TASK TO CARRY OUT: Reproduce the entries that follow precisely, setting aside any images.

AVAILABLE DATA:
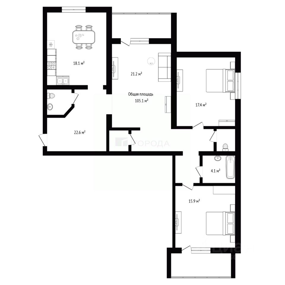 2 спальни,
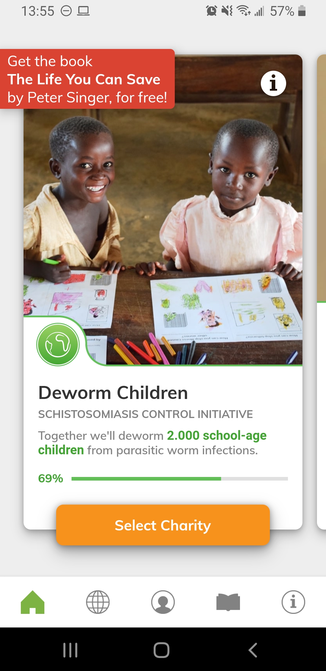 The Life You Can Save (TLYCS) app provides a new platform for collaborative giving and goal achieving. Work together with other users to complete giving goals across several of our chosen charities including SEVA, Project Healthy Children, and the Against Malaria Foundation. In addition to seeing global impact figures from all app-based donations, you can challenge yourself to earn badges such as “Mosquito Killer,” completing 5 donations to the Against Malaria Foundation, and “High Five” congratulating you for completing 5 donations.
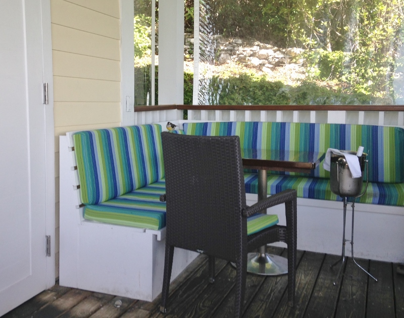 Lunch at Xuma- only one other couple dining in style- the wine bucket is not ours 🙂 The banaquit was my reason for the photo.
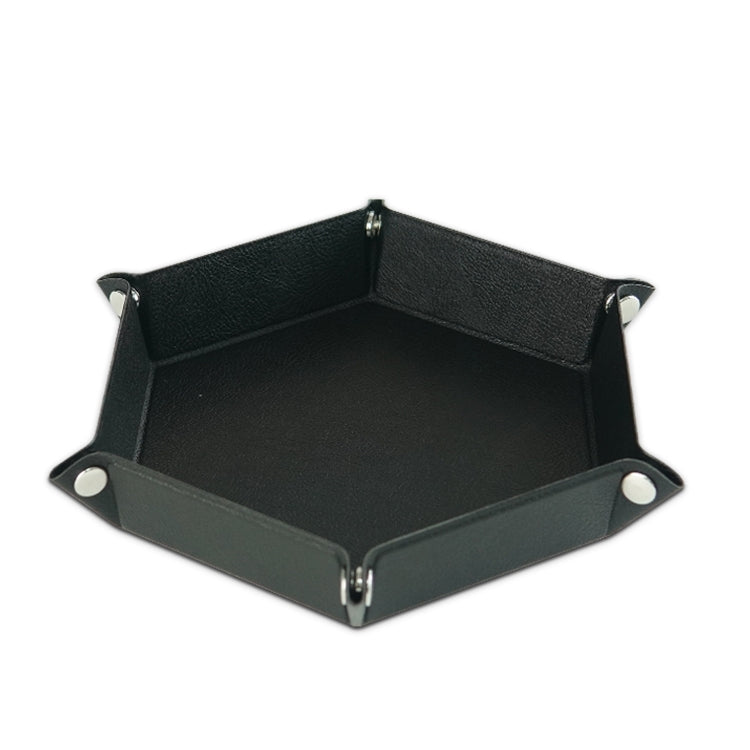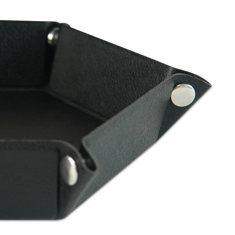 Hexagonal Desktop PU Storage Box Sundries Tray, Size:7 inch(Black)
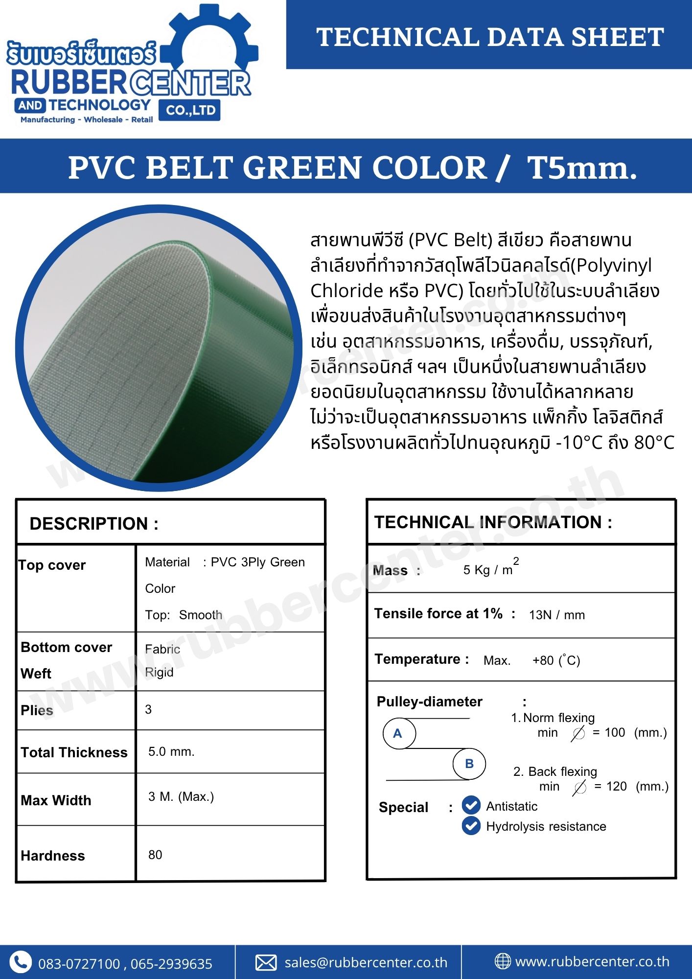 สายพาน PVC สีเขียว ท้องผ้าไนล่อน ความหนา 5mm.
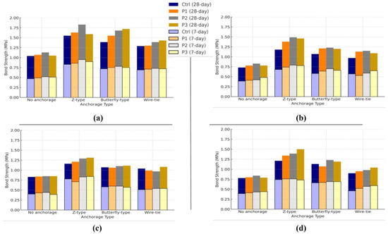 The shear bond strength between the façade stones and the concrete substrate was evaluated using a shear splitting test. The specimens were tested under four anchorage configurations: Z-type clips, butterfly-type clips, wire ties, and no anchorage. The cement–sand adhesive mortar was reinforced with varying dosages of polypropylene fibers: 0%, 0.1%, 0.2%, and 0.3% by volume. The façade stones tested included travertine, granite, marble, and crystalline marble. Bond strength measurements were taken after 7 and 28 days of curing, and the results are presented in Figure 9a–d.
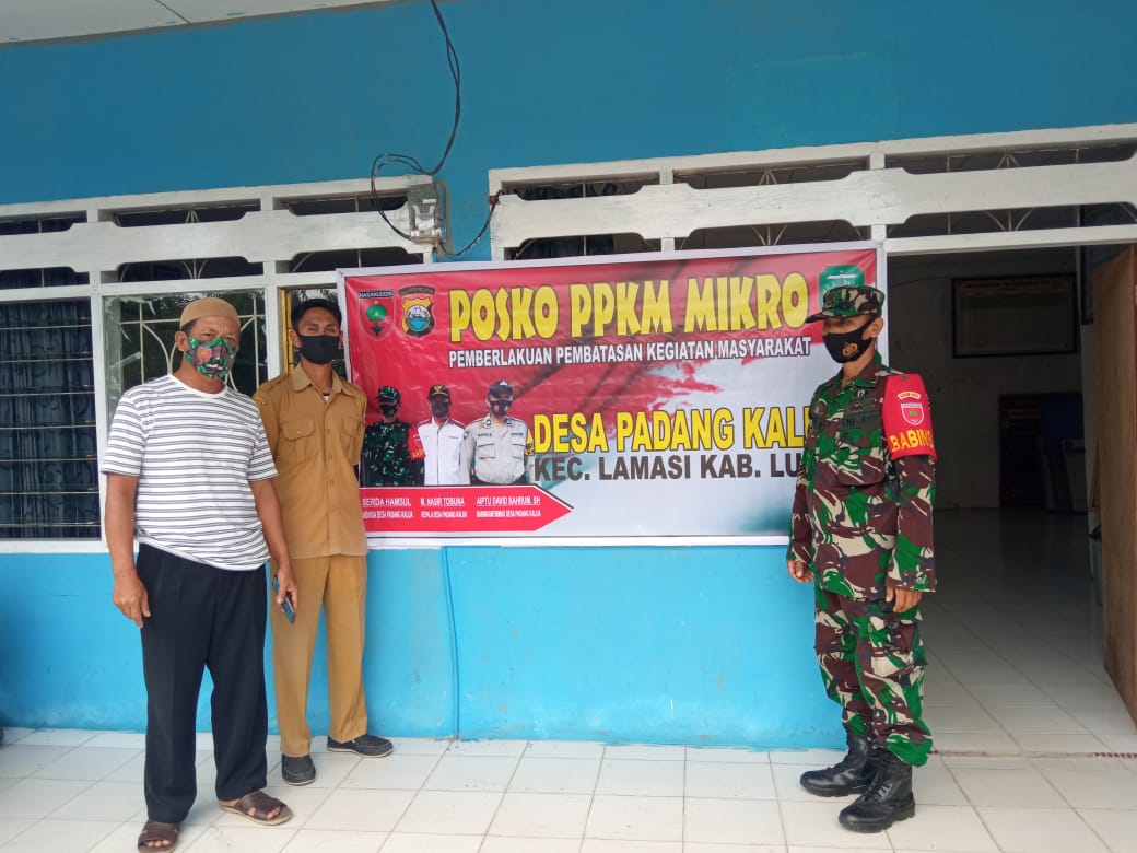 Luwu, Lintera News – Kunjungi Posko PPKM Mikro Anggota Koramil 07 Walenrang Kodim 1403 Sawerigading melaksanakan Komunikasi sosial (Komsos) di Desa Padang Kalua Kecamatan Lamasi Kabupaten Luwu. Rabu 17/03/2021 Pukul 08.45 Wita
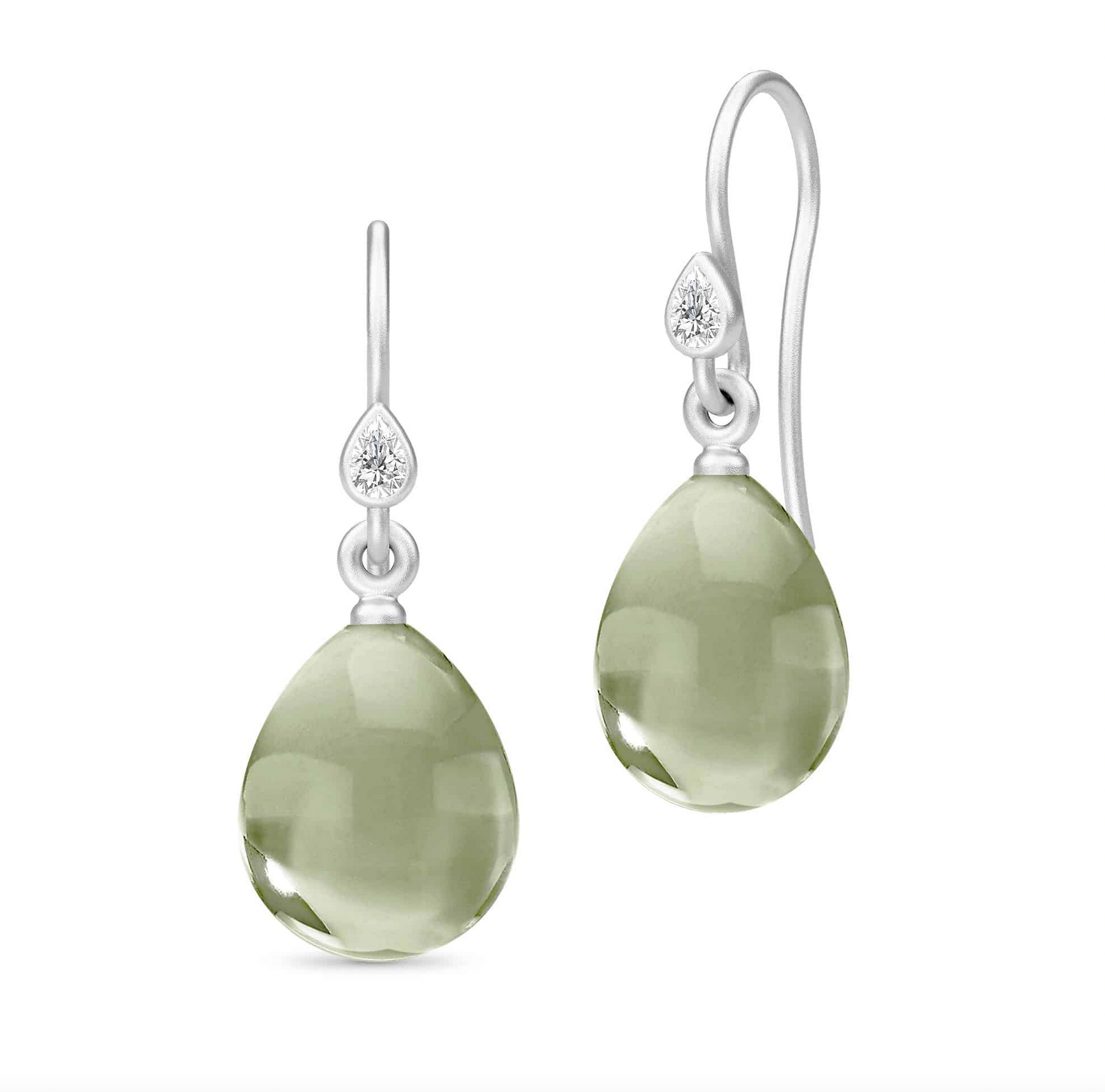Den fineste ørering, med en oliven grøn dråbeformet krystal. Øreringen er fremstillet i rhodineret, satineret sterlingsølv.

ANSWER TO THE EXERCISE:
 2 спальни,
 The Life You Can Save (TLYCS) app provides a new platform for collaborative giving and goal achieving. Work together with other users to complete giving goals across several of our chosen charities including SEVA, Project Healthy Children, and the Against Malaria Foundation. In addition to seeing global impact figures from all app-based donations, you can challenge yourself to earn badges such as “Mosquito Killer,” completing 5 donations to the Against Malaria Foundation, and “High Five” congratulating you for completing 5 donations.
 Lunch at Xuma- only one other couple dining in style- the wine bucket is not ours 🙂 The banaquit was my reason for the photo.
 Hexagonal Desktop PU Storage Box Sundries Tray, Size:7 inch(Black)
 สายพาน PVC สีเขียว ท้องผ้าไนล่อน ความหนา 5mm.
 The shear bond strength between the façade stones and the concrete substrate was evaluated using a shear splitting test. The specimens were tested under four anchorage configurations: Z-type clips, butterfly-type clips, wire ties, and no anchorage. The cement–sand adhesive mortar was reinforced with varying dosages of polypropylene fibers: 0%, 0.1%, 0.2%, and 0.3% by volume. The façade stones tested included travertine, granite, marble, and crystalline marble. Bond strength measurements were taken after 7 and 28 days of curing, and the results are presented in Figure 9a–d.
 Luwu, Lintera News – Kunjungi Posko PPKM Mikro Anggota Koramil 07 Walenrang Kodim 1403 Sawerigading melaksanakan Komunikasi sosial (Komsos) di Desa Padang Kalua Kecamatan Lamasi Kabupaten Luwu. Rabu 17/03/2021 Pukul 08.45 Wita
Den fineste ørering, med en oliven grøn dråbeformet krystal. Øreringen er fremstillet i rhodineret, satineret sterlingsølv.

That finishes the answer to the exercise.